4. Eine Entscheidung über den Hilfsantrag, die Antragsteller zum 1. Studienabschnitt zuzulassen, ist nicht veranlasst, da der 1. Studienabschnitt identisch ist mit dem Studienabschnitt Vorklinik (vgl. § 44 Abs. 3 HZV).
5. Die Kostenentscheidung folgt aus § 154 Abs. 2 VwGO. Die Streitwertfestsetzung beruht auf § 47, § 53 Abs. 2 Nr. 1, § 52 Abs. 1 GKG i.V.m.
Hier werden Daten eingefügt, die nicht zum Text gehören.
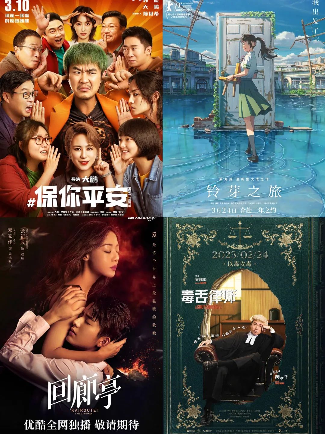 其中, 票房前两名为5.5亿的《保你平安》和4.3亿的《铃芽之旅》。两部影片豆瓣评分均在7分以上,具有较强的口碑效应,目前仍后劲十足,有望为四月票房继续助力。第二梯队为《回廊亭》与《毒舌律师》,分别收获2亿与1.1亿,一共4部破亿影片中有3部国产片。后续梯队则仍由春节档影片作为主力,来自漫威和DC的引进片票房则分别仅位列第11名和第12名。
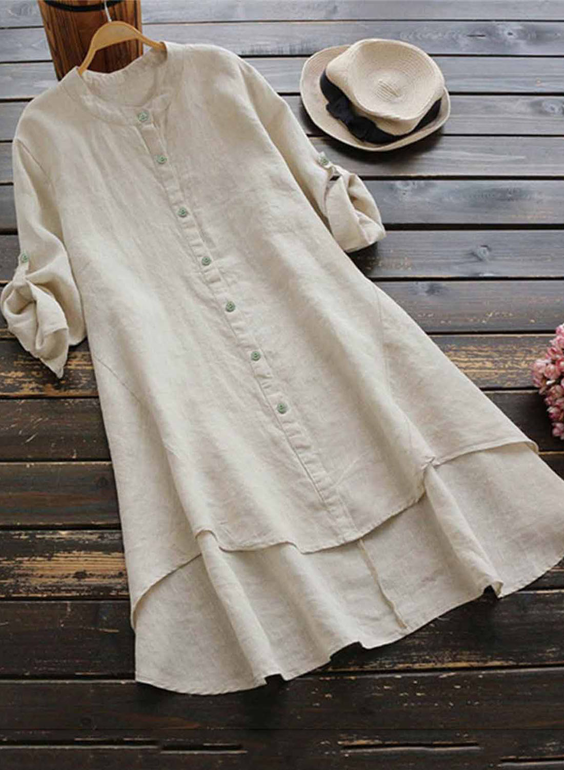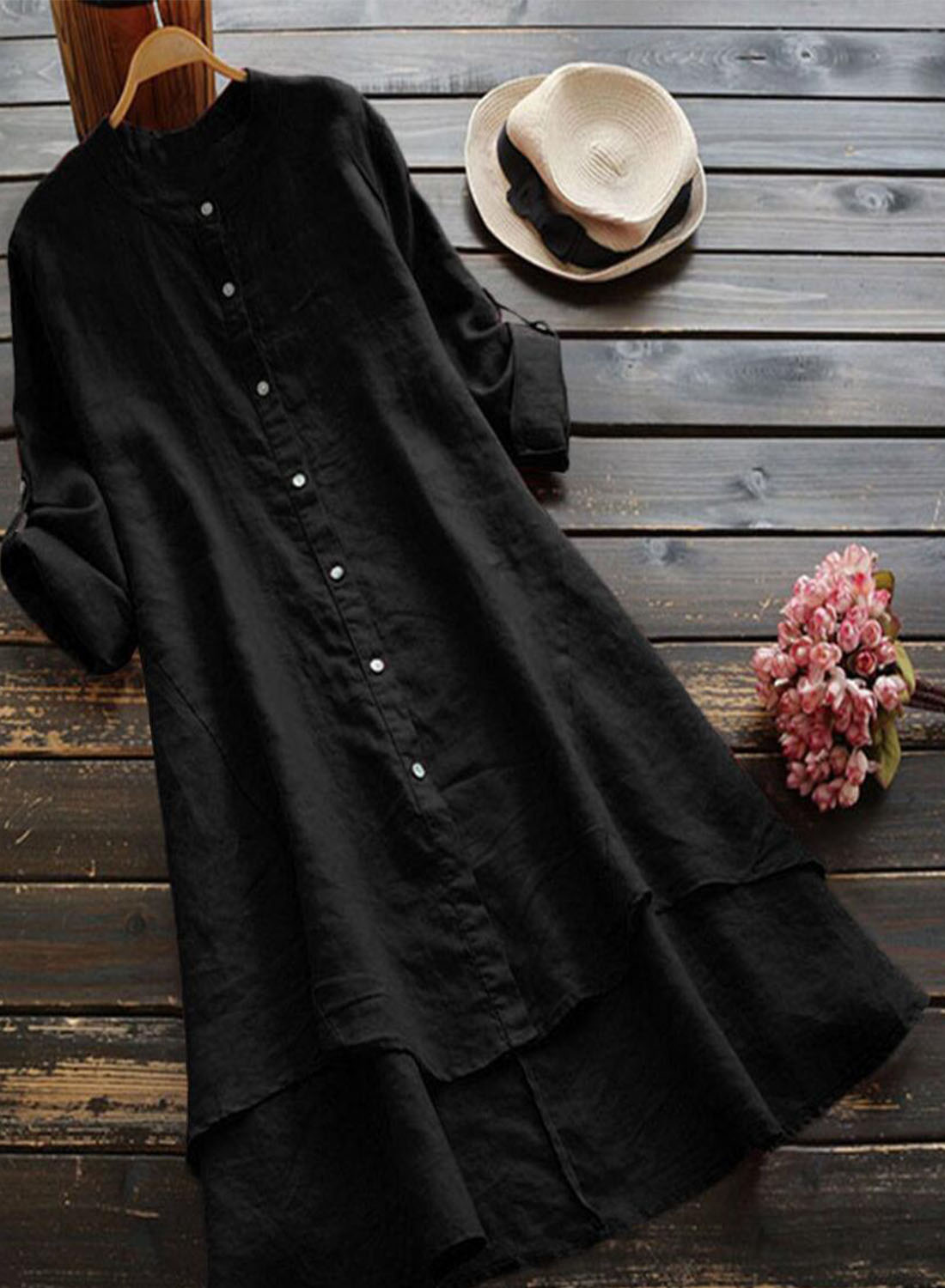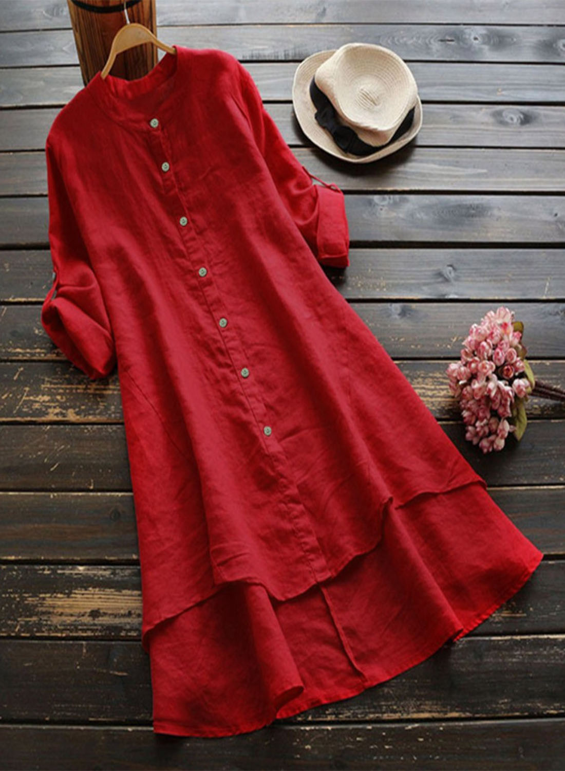 Women's Dress Linen Solid Button-up Maxi Dress

Nr. 1.5 und Nr. 18.1 des Streitwertkatalogs für die Verwaltungsgerichtsbarkeit in der 2013 aktualisierten Fassung (abgedruckt in Eyermann, VwGO, 15. Aufl. 2019, Anhang) und entspricht der Streitwertfestsetzung in den erstinstanzlichen Verfahren.
Dieser Beschluss ist unanfechtbar (§ 152 Abs. 1 VwGO).